TO DO
With pictures excluded, output exactly the lines that run from the first line of the data below through the line containing "Lots of stairs".

SUPPLIED DATA
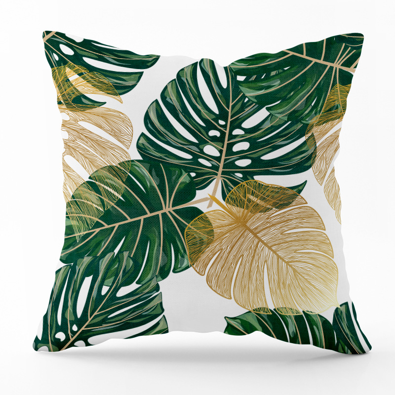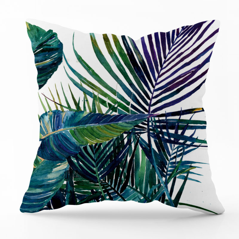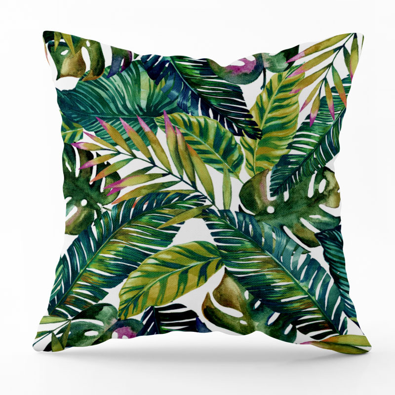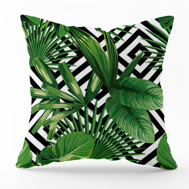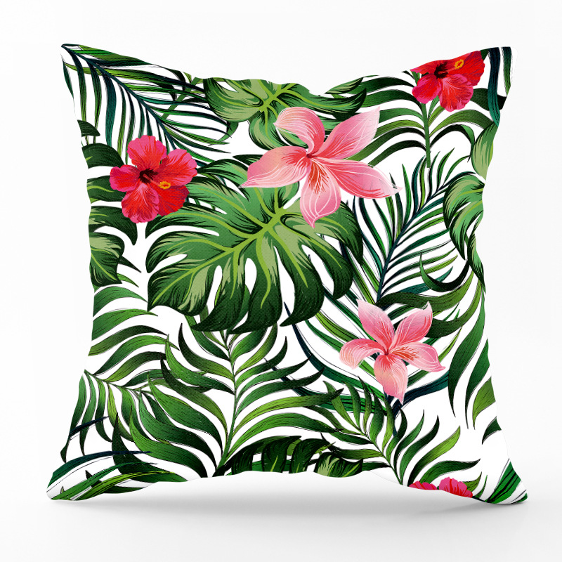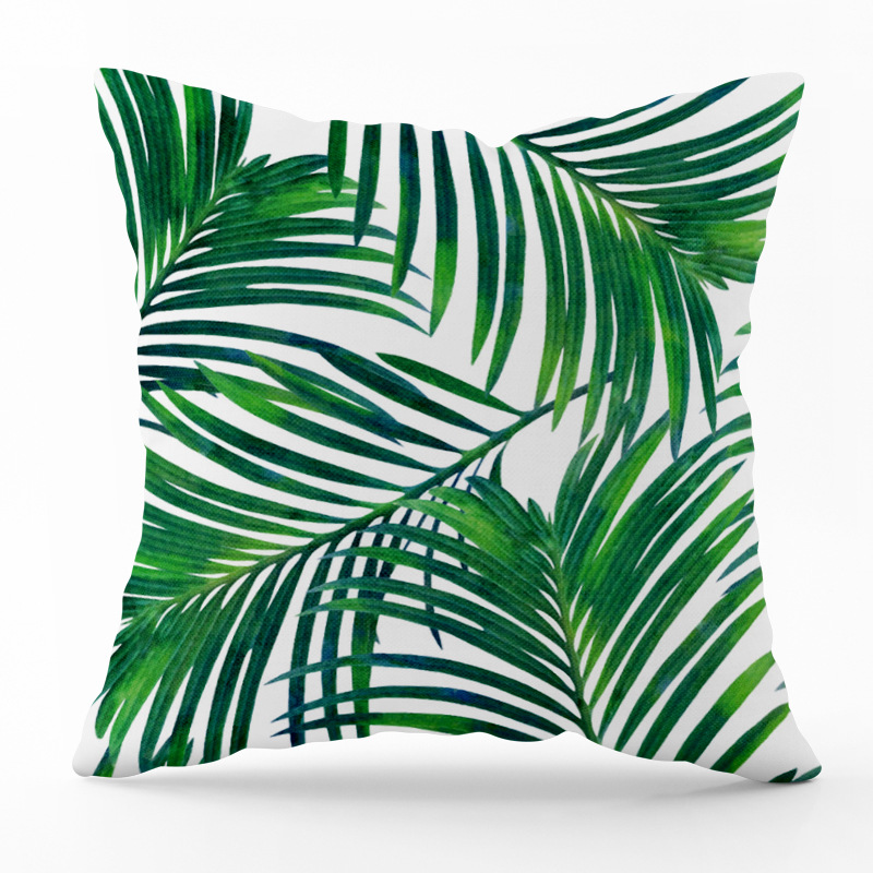 速卖通新款绿色植物抱枕套 沙发靠垫春天绿色花卉绿植枕头套批发
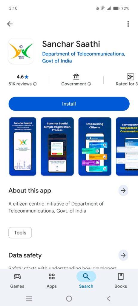 • Launch the Play Store or App Store and look for “Sanchar Saathi”.
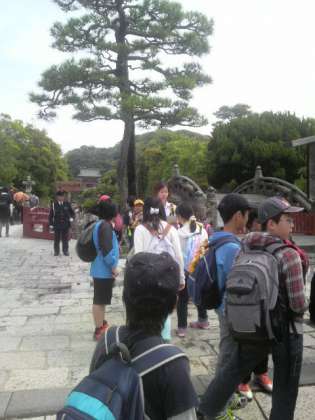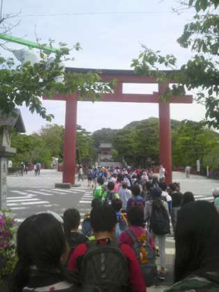 順調に鎌倉に到着しました。ここからグループ行動です。第1チェックポイントでは、これからの歩きに備えて、ストレッチをしました。
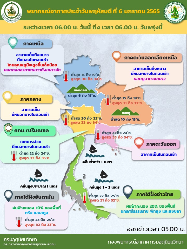 กรมอุตุฯ 6 ม.ค. – กรมอุตุฯ เผยภาคเหนือ-อีสาน อากาศเย็นถึงหนาว ส่วนภาคกลาง-ตะวันออก อากาศเย็นในตอนเช้า ยอดดอยหนาวถึงหนาวจัด ขณะที่กรุงเทพฯ-ปริมณฑล มีหมอกบางตอนเช้า อุณหภูมิต่ำสุด 22-24 องศาฯ
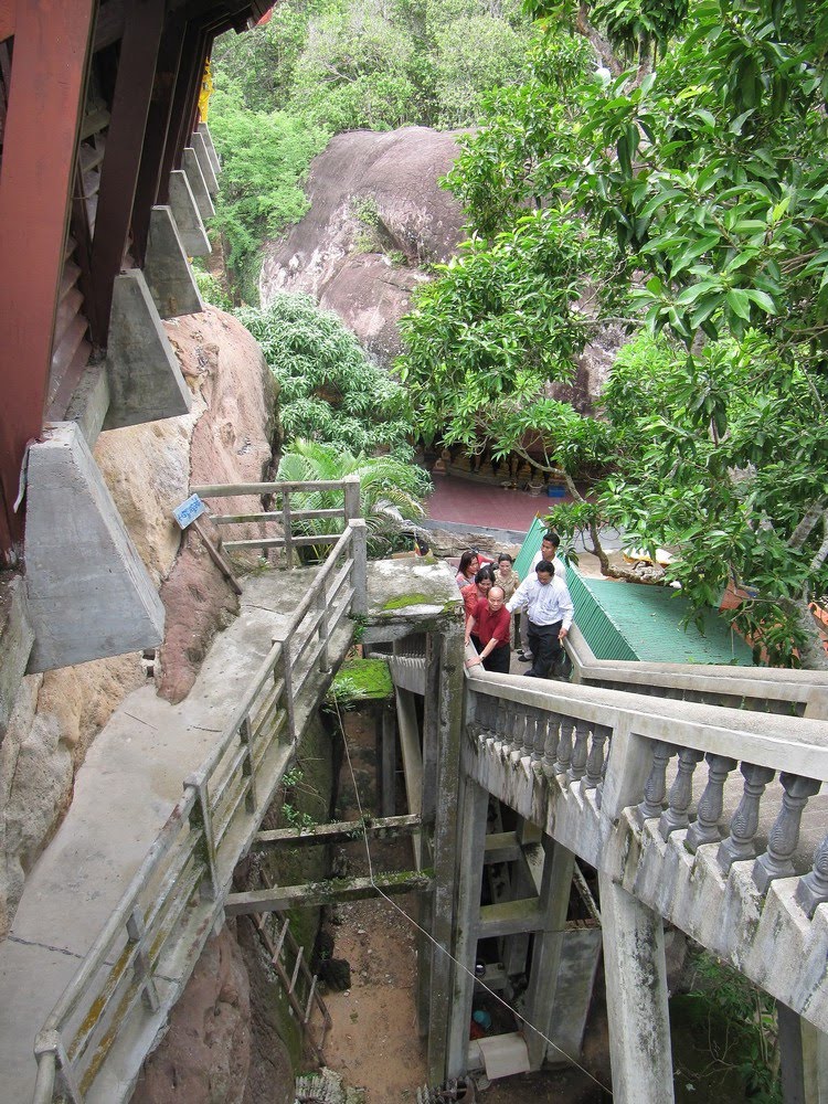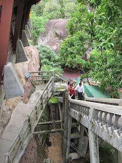 Lots of stairs lead up to the carved rock and had a lot of people worshiping idols.
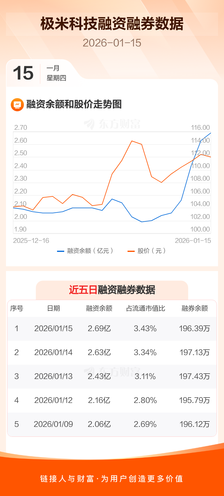 交易所最新数据显示,极米科技于2026年1月15日获融资买入1284.71万元,融资偿还692.74万元,当日融资净买入591.98万元。目前,该股融资余额2.69亿,占流通市值比例为3.43%。
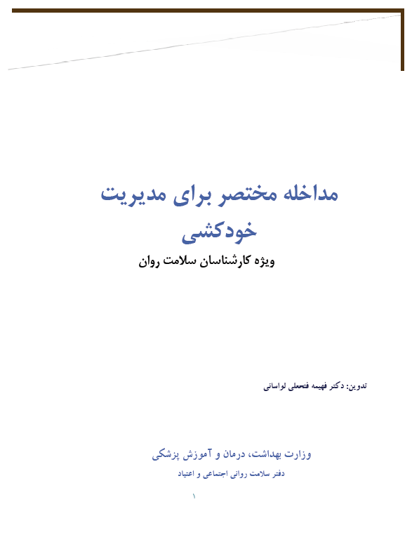 بسته آموزشی کارشناسان مراقب سلامت و بهورزان در خصوص پیشگیری از خودکشی
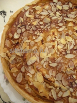 Выкладываем сверху яблочной начинки миндаль,белковый крем.
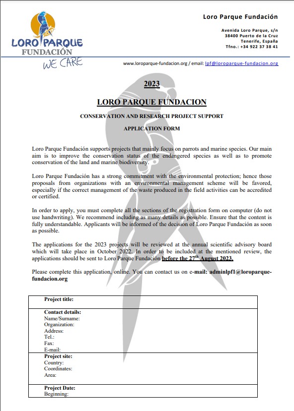 Die Stiftung Loro Parque Fundación sucht nach Vorschlägen für Naturschutz- und Forschungsprojekte, die mit der Mission, Vision und den Zielen der Organisation übereinstimmen.
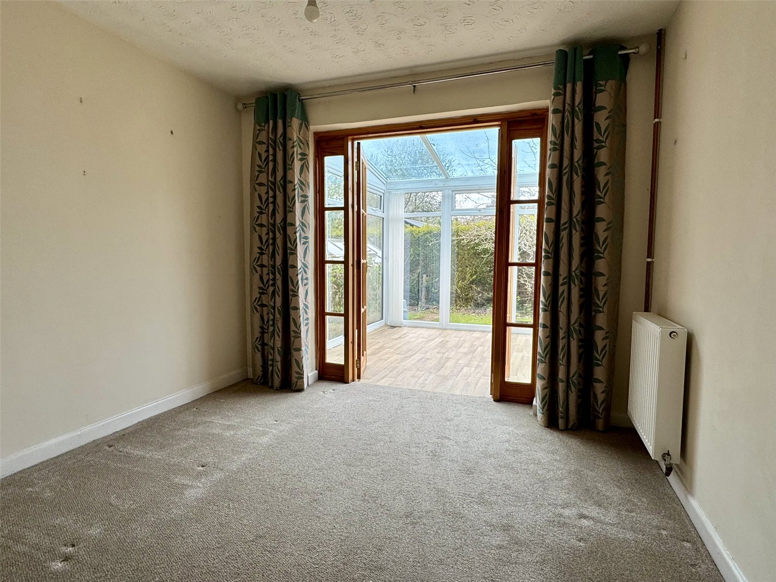 Bedroom Two 9'11" x 9'11" (3.02m x 3.02m). Radiator, telephone point and wooden double doors opening into conservatory.
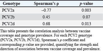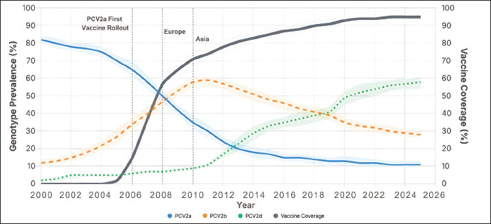 Fig. 2. Global TRENDS in PCV2 genotype prevalence and vaccine coverage from 2000 to 2025. Aggregated global line plots illustrate LOESS-smoothed trends in PCV2a, PCV2b, and PCV2d genotype prevalence, each with 95% confidence ribbons. The thick gray line represents the global mean vaccine coverage. Vertical ticks mark key years of commercial PCV2a vaccine licensing, contextualizing prevalence changes. These trends demonstrate global genotype replacement following the introduction of vaccines. Table 1. Spearman’s rank correlation between PCV2 vaccine coverage and genotype prevalence.
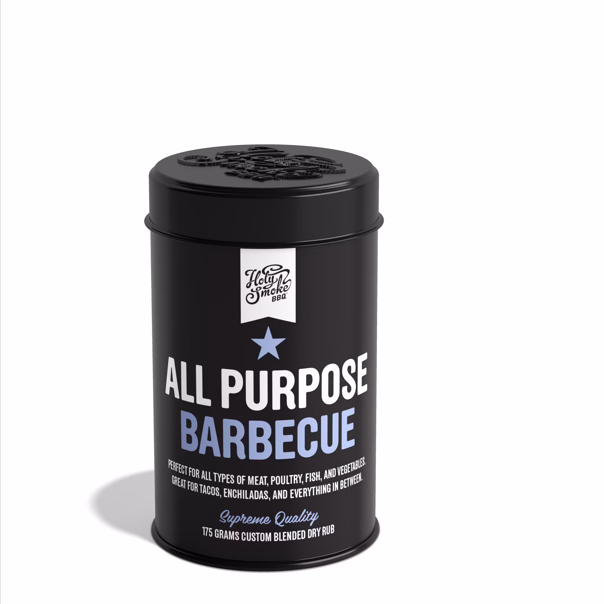 All-Purpose Barbecue Dry Rub från Holy Smoke BBQ är en mångsidig kryddblandning med rötterna i den sydvästamerikanska BBQ-traditionen. Den passar utmärkt till kött, fågel, fisk och grönsaker, men lyfter också rätter som tacos, enchiladas eller grillade majskolvar.
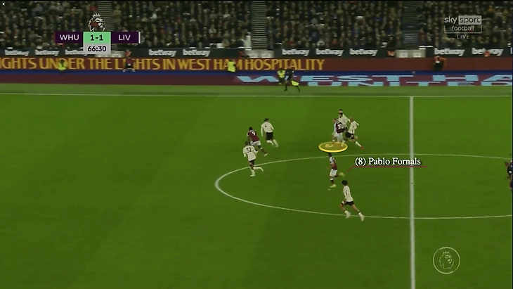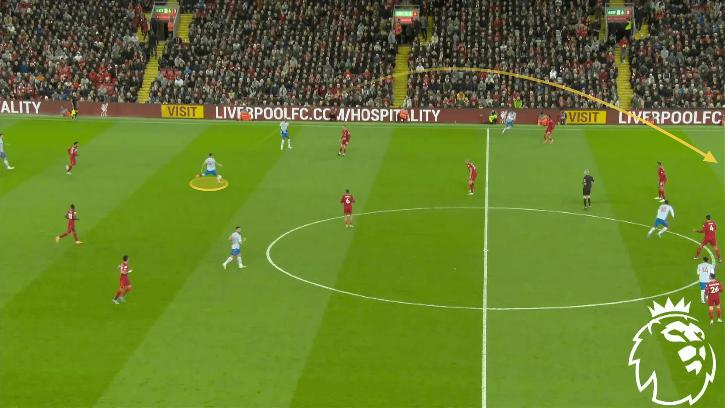 Это разумная игра со стороны Боуэна, подчеркивающая ценность бега с мячом и отдачи игроков, когда те противостоят высокой линии, и вынуждающая Ван Дейка и Матипа отступать, что противоречит их инстинктам. Из-за того, что к Боуэну привлечены три игрока «Ливерпуля», Пабло Форнальс, чуть левее своего владеющего мячом партнера по команде, остался почти незамеченным.
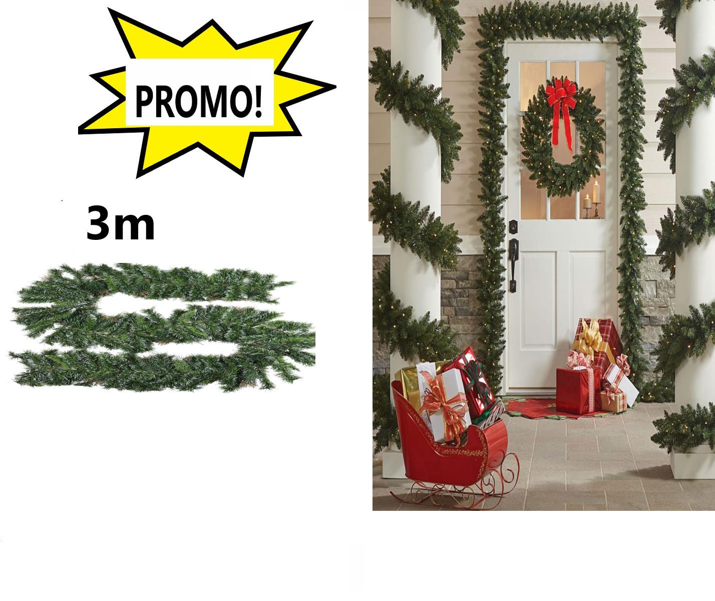 Oferta 2 Bucati x Ghirlanda de brad artificial verde, aspect natural 300 cm
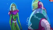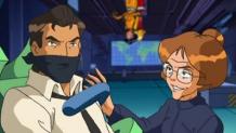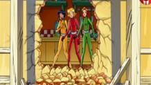 Because she's been blundering more than usual and because they've been joined by rookie WOOHP agent Britney on their latest mission (to find the nutcase slowing down time in major cities) Alex figures the writing is on the wall and quits before she can be fired. Which means that when the mission to the villain's Icelandic lab goes wrong it's Clover, Sam and Britney who get zapped with the molecular augmenter. Shifted into slow motion it's easy for the speed obsessed villain and his two sidekicks to grab them. The trio are tied back to back and left sitting across the room from a bomb that's set to blow in ten minutes. Their feet are free and all they have to do is walk cross the room and push a button to disarm the explosive. The problem is that in their molecularly slowed state they'll be lucky to get halfway there in ten minutes. Fortunately Clover manages to signal Alex with her comm-pact. Alex still has her WOOPH issue rocket boots and flies over to find out why they're call
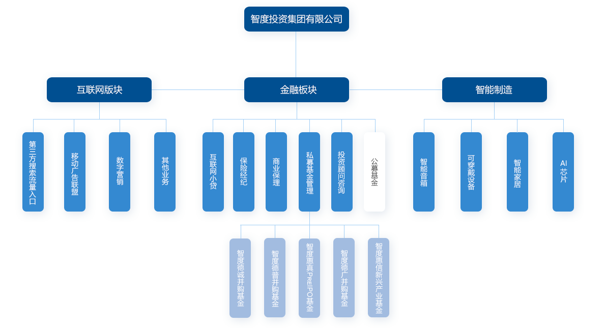 智度集团成立于 2014 年,逐步形成了金融、互联网、智能制造三大业务板块,构建以金 融综合服务为支撑,以互联网和智能制造产业为两翼的战略布局。
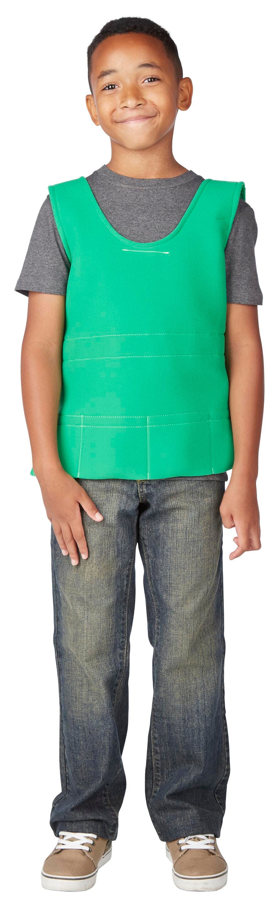 Weight and pressure provide the body with additional input to the muscles and joints, providing the proprioceptive system with more information. This vest uses hook and loop closures at the shoulders and sides allow for easy placement and adjustment. Side closures around back prevent unwanted adjustment or removal. Extra fabric at the side closure overlaps to allow room for growth and the bottom portion of the vest folds up to shorten the vest for individuals with shorter midsections. A common weight recommended for use is 5% of a client's weight; please consult with the child's therapist to adhere to their individual need. Measure around the chest for width, and from shoulder to waist for length. Vest measures 34 x 17 to 22 inches.Features

ANSWER TO THIS PROBLEM
 速卖通新款绿色植物抱枕套 沙发靠垫春天绿色花卉绿植枕头套批发
 • Launch the Play Store or App Store and look for “Sanchar Saathi”.
 順調に鎌倉に到着しました。ここからグループ行動です。第1チェックポイントでは、これからの歩きに備えて、ストレッチをしました。
 กรมอุตุฯ 6 ม.ค. – กรมอุตุฯ เผยภาคเหนือ-อีสาน อากาศเย็นถึงหนาว ส่วนภาคกลาง-ตะวันออก อากาศเย็นในตอนเช้า ยอดดอยหนาวถึงหนาวจัด ขณะที่กรุงเทพฯ-ปริมณฑล มีหมอกบางตอนเช้า อุณหภูมิต่ำสุด 22-24 องศาฯ
 Lots of stairs lead up to the carved rock and had a lot of people worshiping idols.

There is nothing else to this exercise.